DATASET SECTION:
· · ·
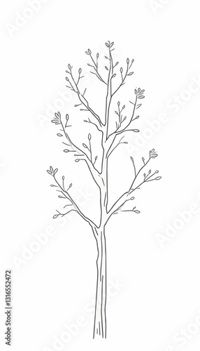 © Оксана Матросова Мат, Fototapeta premium Outline of a tree with budding branches for coloring and copy space
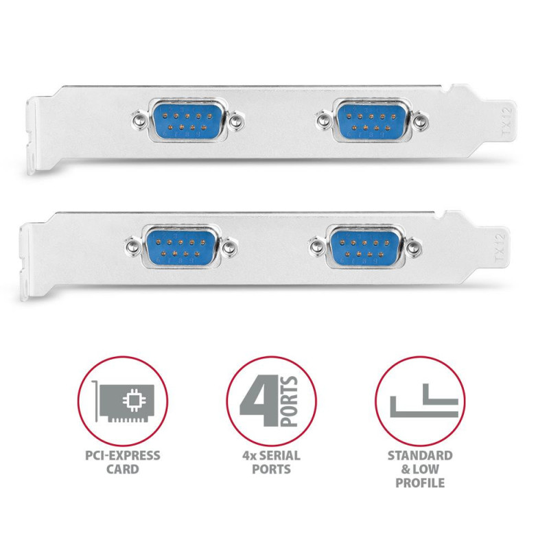 „AXAGON PCEA-S4N PCI-Express“ plokštė išplečia jūsų stalinį kompiuterį keturiais RS-232 nuosekliaisiais prievadais su DB-9 jungtimis.
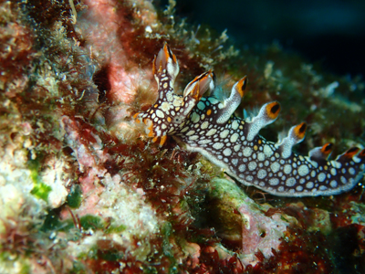 つぶらな瞳でこちらを見るヒオドシユビウミウシも♪
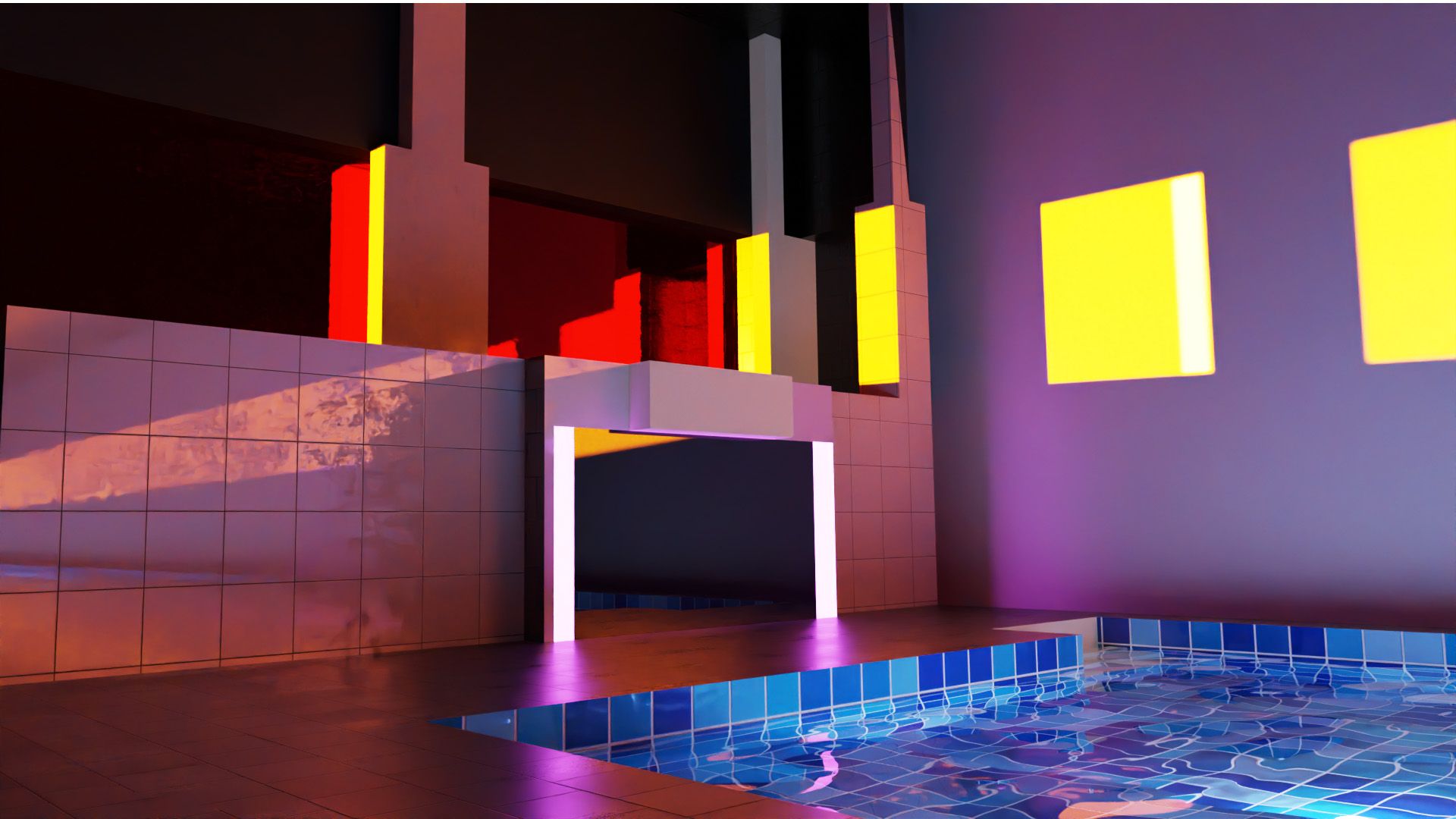 A million Lightyears away stands a Large Building that Rumbles deeply with the moving Air. You step inside, place your feet on the Cold linoleum, and, listen to the soft slapping of waves against the tiled poolside. As subsonic bass from the atmosphere engulfs Your body like a warm gel, you feel isolated but at peace.
· · ·
REQUIRED ACTION: Apart from the images, retype the full material exactly as written.

RESULT OF THIS TASK:
 © Оксана Матросова Мат, Fototapeta premium Outline of a tree with budding branches for coloring and copy space
 „AXAGON PCEA-S4N PCI-Express“ plokštė išplečia jūsų stalinį kompiuterį keturiais RS-232 nuosekliaisiais prievadais su DB-9 jungtimis.
 つぶらな瞳でこちらを見るヒオドシユビウミウシも♪
 A million Lightyears away stands a Large Building that Rumbles deeply with the moving Air. You step inside, place your feet on the Cold linoleum, and, listen to the soft slapping of waves against the tiled poolside. As subsonic bass from the atmosphere engulfs Your body like a warm gel, you feel isolated but at peace.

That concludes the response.